St. Paul's Choir School's latest album evokes peace of heaven

CAMBRIDGE -- The ethereal voices of the boy choristers at St. Paul's Choir School are reaching beyond the walls of St. Paul's Church with the release of their latest album, "Gabriel Faure Requiem and Other Masterworks."

While the choir sings at Mass on a daily basis, "a CD recording allows us to get this out to many more people who are hungering for this kind of beauty and art," St. Paul's Choir Director James Kennerley said in a Feb. 28 interview.

The choristers in grades six through eight, along with some graduates and The Choir of St. Paul's, recorded the album at the end of last summer, with Grammy-winner Brad Michel as producer. Michel had previously helmed the choir's recording of their last album, "Ave Maria," in 2017.

"It's a pleasure to experience the youthful energy and raw talent of these boys," he said in a press release.

Before they could even begin practicing, they had to choose the music for the album, which, Kennerley said, needed to represent them as a choir and an institution.

"We choose music that is special to us, sometimes unique to us," he explained.

The boys' choir usually sings in a gallery, out of sight of the congregation, giving an impression like angels singing in heaven.

"That's how we think of our choristers, as giving the sonic sense of heaven on earth," Kennerley said.

He said the idea of a requiem, a musical composition for a funeral, came from current events like the war in Ukraine. They drew on the requiem's theme of "lux perpetua," or "perpetual light," which he said is "symbolic of the everlasting peace in Heaven."

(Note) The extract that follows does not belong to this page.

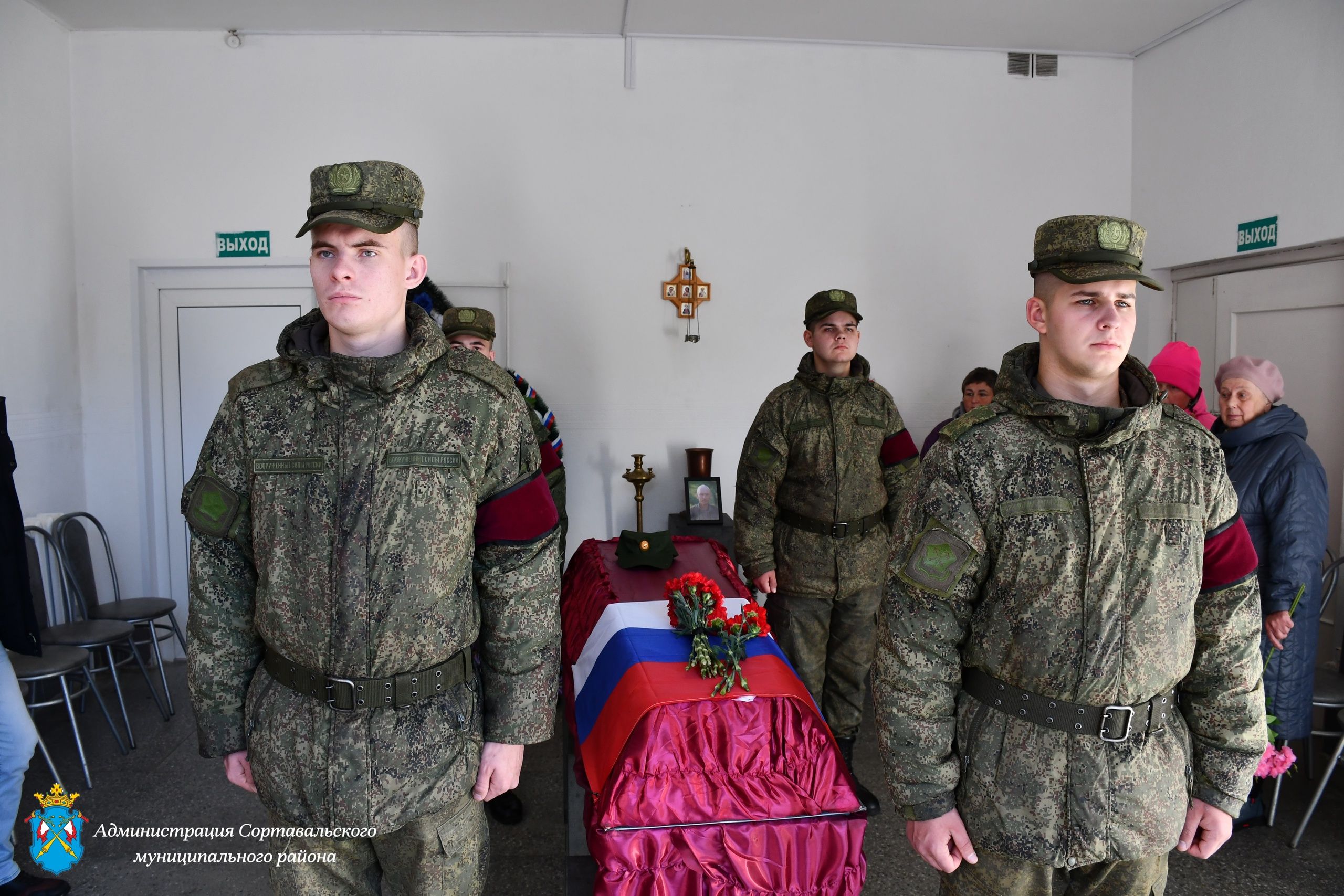 О церемонии прощания рассказывает паблик Сортавальского округа. Церемония и митинг состоялись у городского траурного зала. У гроба с телом погибшего воина встал почётный воинский караул.

"We thought that music about peace, and about healing, would be a really nice offering to share with the world," he said.

In addition to works by Gabriel Faure, a late Romantic era composer, the album also includes music that Kennerley composed specifically for the boys' choir. His pieces are settings of "O Salutaris hostia" and "O sacrum convivium," as well as the four-part "Missa Sanctae Mariae Virginae." He also included a couple of plainchant songs, and made a new arrangement of Faure's "Cantique de Jean Racine," the final track on the album.

Foure originally wrote his Requiem for a men and boys' choir at his church, La Madeleine in Paris. Kennerley said that by using a men and boys' choir, they thought they would be "going back to the sound world that Foure himself would have known, so we could really go to the heart of the music."

There were some differences, though. The requiem was written for a large orchestra, but Kennerley created an arrangement for a smaller orchestra to create "a more intimate sound."

For this recording, they worked with instrumentalists from the Boston Symphony, which Kennerley said resulted in a "sort of cross-fertilizing of ideas."

"Our boys were really excited to work with the players, and the players were really excited to work with the choir. And so, when the two of them got together and actually started doing that, they were really, really thrilled. So, the end result was fantastic, and that was thanks, in no small part, to those amazing players," he said.

He compared practicing for the album to training for the Olympics, "putting a lot of effort and time into perfecting what we do." He said that feeling can continue for months after such a project is completed.

The album was officially released on Jan. 20. At the time, the choir was on tour in Washington, D.C., so they were able to share the news with people they met as they traveled and performed.

Kennerley said one person told him that the album was the most beautiful thing they had ever heard.

"The fact that people so far have been giving such rave reviews is really testament to these boys and their professionalism, which is what we aim to teach them, but sometimes you only get that when you actually do a project like this that reminds you how important everything is that they're training for," he said.

For him, he said, the most meaningful part of the experience has been when students expressed "how amazing" it was for them. Some of the older students have written about the project for their high school entrance essays.

"The experience that that gave them, and that they'll carry for the rest of their lives, is just extraordinary," Kennerley said.